Like the testing for transmit, I created a standard test bench, and filled it out with the usual content. For RX, I created a second clock with the same time period as the baud clock the UART is configured to use. I then have an array of the serial bitstream, and each rising edge of that clock I push the next bit across. You can see the whole test on github. Running it in the simulator, it works:

I also created a loopback test, which uses the transmitter test bench in two speeds, feeding the TX line into the RX to ensure the data is correct. I’ve got the waveform from a run of that test below, also zoomed into the area where 115200bps is active (at the start).

Running On Hardware

Running on hardware is easy, just assign the RX and TX ports/nets to external pins. I created a loopback top-level module so I can type into a Putty serial session and see what I type echo back.

The loopback module for the hardware uses another state machine depending on the various UART module signals. The process is fairly simple, and will just push any input from the RX to the TX and set relevant states at the correct times.
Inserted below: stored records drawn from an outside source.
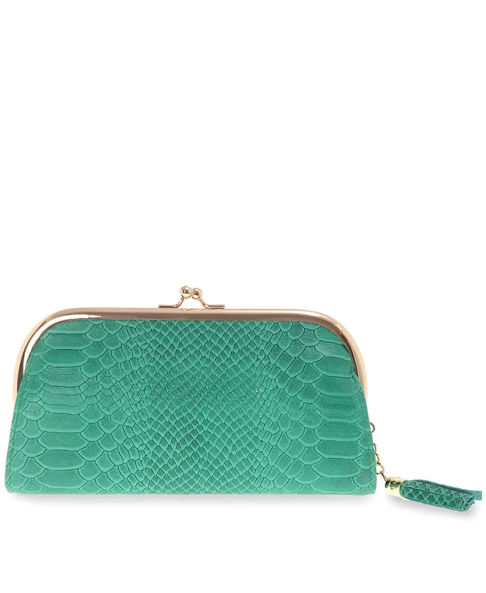 ארנק קלאץ מעור דגם ג'ין ירוק | עמנואל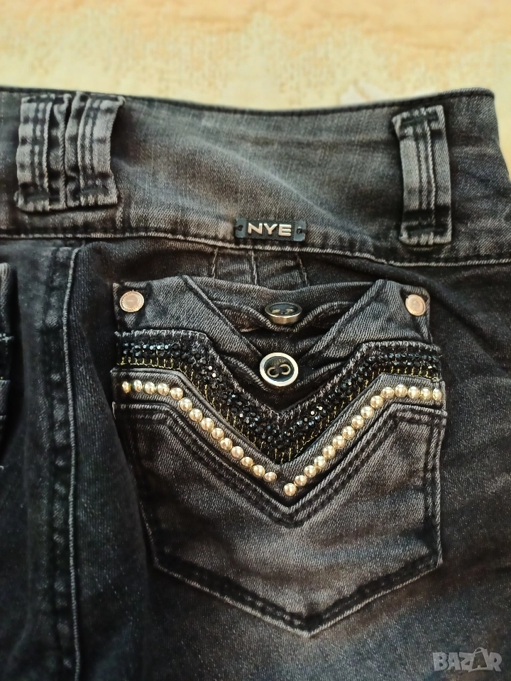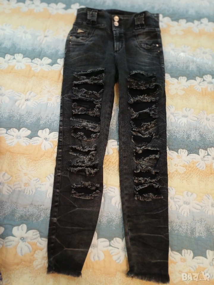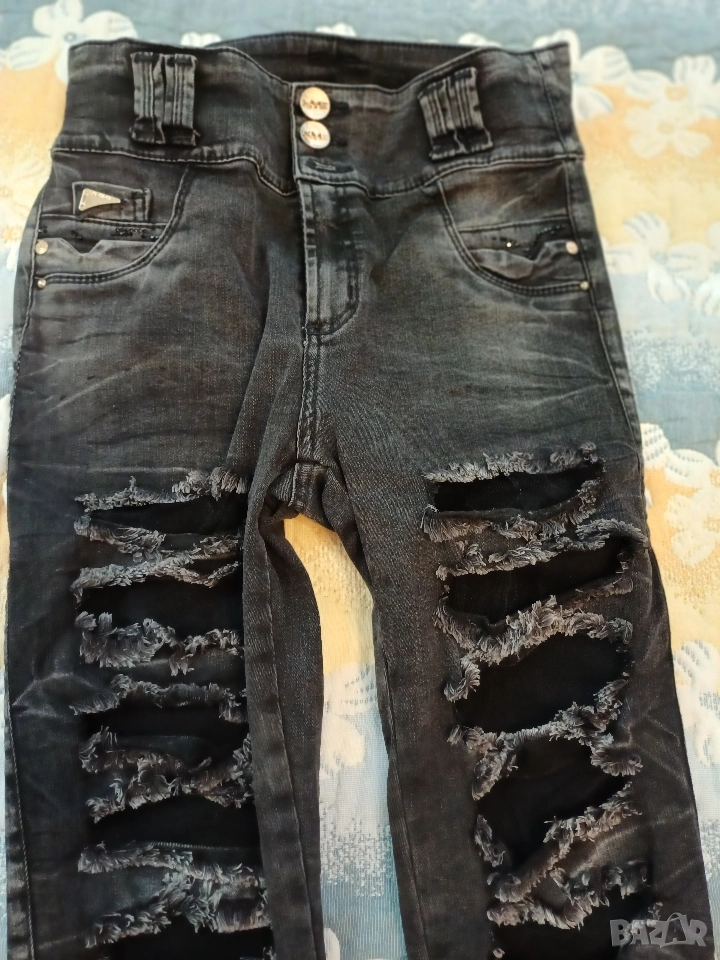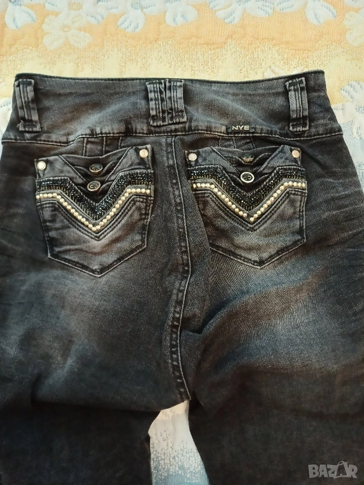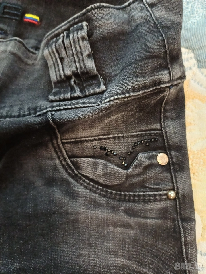 Впечатляващ модел, качествени материя, камъни и шев, марково дънки. С прозрочен щих под цепнатините, изключително класен модел и изпълнение, за спортни мадами , силно еластична материя по крака.
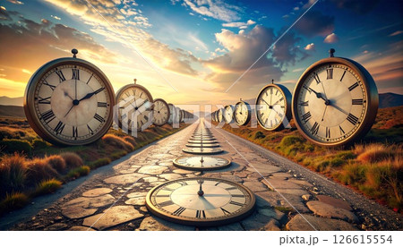 一條無盡的道路和一個巨大的慢動作時鐘的幻想景觀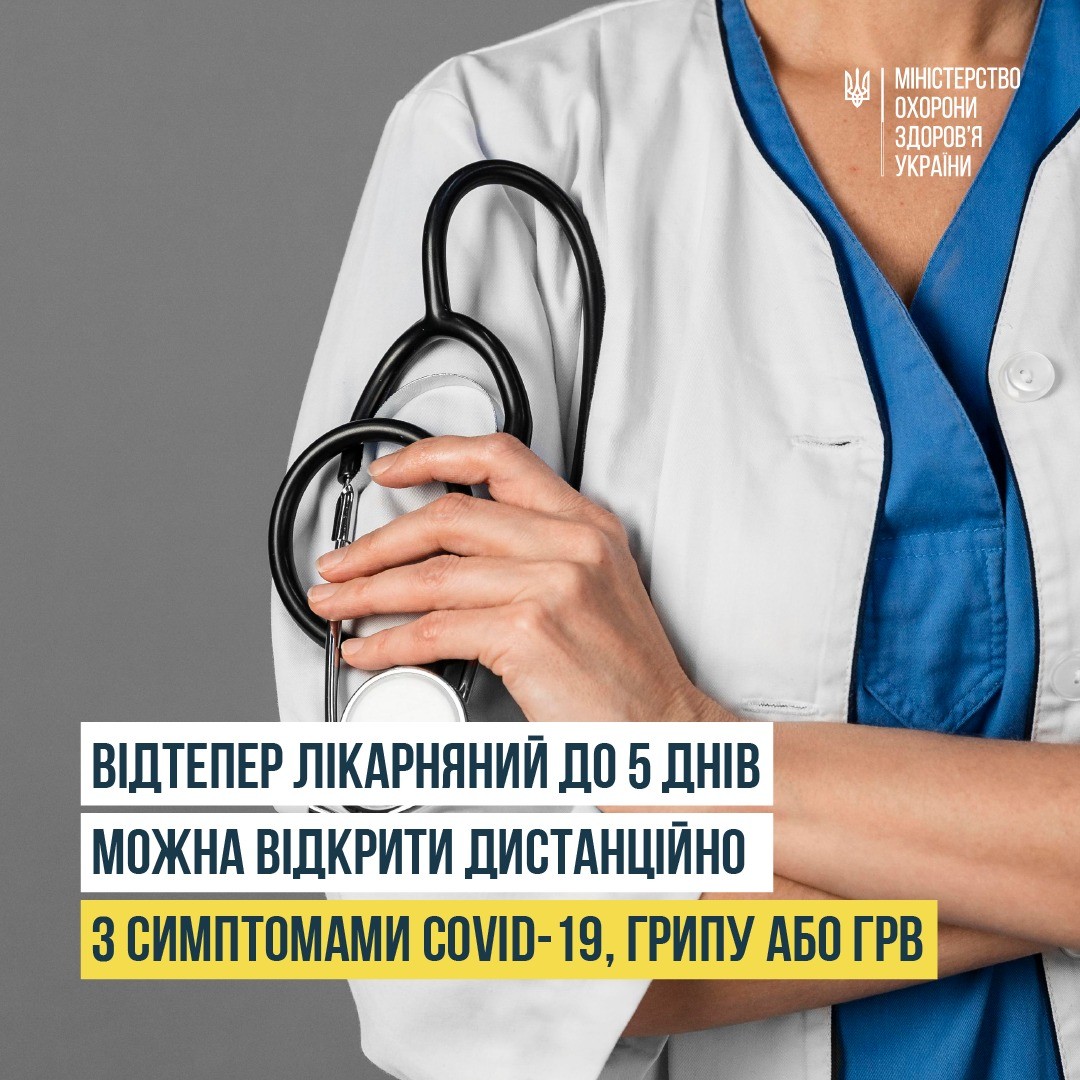 Відтепер пацієнти з симптомами COVID-19, грипу або ГРВІ зможуть в окремих випадках відкривати лікарняний дистанційно. Лікар зможе формувати медичні висновки про тимчасову непрацездатність без особистого прийому, на підставі віддаленого зв’язку з пацієнтом і вказаних ним симптомів.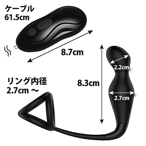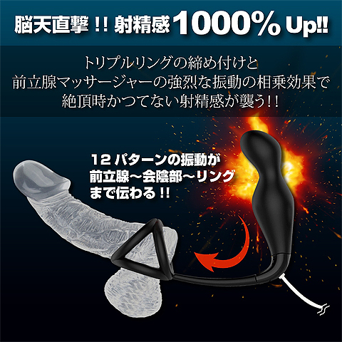 トリプルリングの締め付けとパワフルな振動による前立腺責めの相乗効果でかつてない絶頂感が味わえる、シリコン製の男性向けアナルグッズ。素材として使用しているシリコンは医療用グレードと超高品質なので、安全性が非常に高く、肌触りもシリコンならではの滑らかさなのでスムーズに挿入でき、ヘッド部分で前立腺をピタッと捉えながら、12パターンの多彩な振動で責め立てます。 しかも、前方に付いたトリプルリングでサオ、玉袋、根元の3点を締め付けて射精感をアップさせるので、普通のオナニーでは味わえない強烈な絶頂感に襲われちゃいます。 全身を稲妻が貫くような衝撃的な快感を、あなたもぜひ体感してみて下さい。

loopback: process(I_clk_50mhz, O_rxSig)
begin
  if rising_edge(I_clk_50mhz) then
    if O_rxSig = '1' and last_msg_valid ='0' and new_message = '1' then
      last_msg <= O_rxData;
      last_msg_valid <= '1';
      new_message <= '0';
    elsif O_txRdy = '1' and I_txSig = '0' and last_msg_valid = '1' then
      I_txData <= last_msg;
      I_txSig <= '1';
    elsif I_txSig = '1' and O_txRdy = '0' and last_msg_valid = '1' then
      I_txSig <= '0';
      last_msg_valid <= '0';
    elsif O_rxSig = '0' then
      new_message <= '1';
    end if; 
  end if;
end process;

Sadly, I could not find my USB to Serial TTL converter in my lab mess. It’s in there somewhere. But I did find an old Teensy 3.1 (it’s actually from my TeensyZ80 build) which I used to forward serial to and from the miniSpartan6+. Keys I typed were echoed back, at 115200bps. So a successful test.

putty_loopbackspartan_teensyWrap Up

That pretty much finishes this post off. It’s by no means a finished implementation but works for what I need. I’ll be using it with TPU as a peripheral, and memory mapping the various ports as to control it from software. I think I’ll add some FIFO buffers to the input and output data lines to ensure I don’t loose data, implement the RX error checking I mentioned earlier, and also add a ‘number of frames’ counter for software-side error checking.

It should be made clear though, that there are probably UART constructs available within any recent FPGA what will take up much less resources than this, and they should be used in final projects where possible and sensible!

Thanks for reading, the code for this is available on github.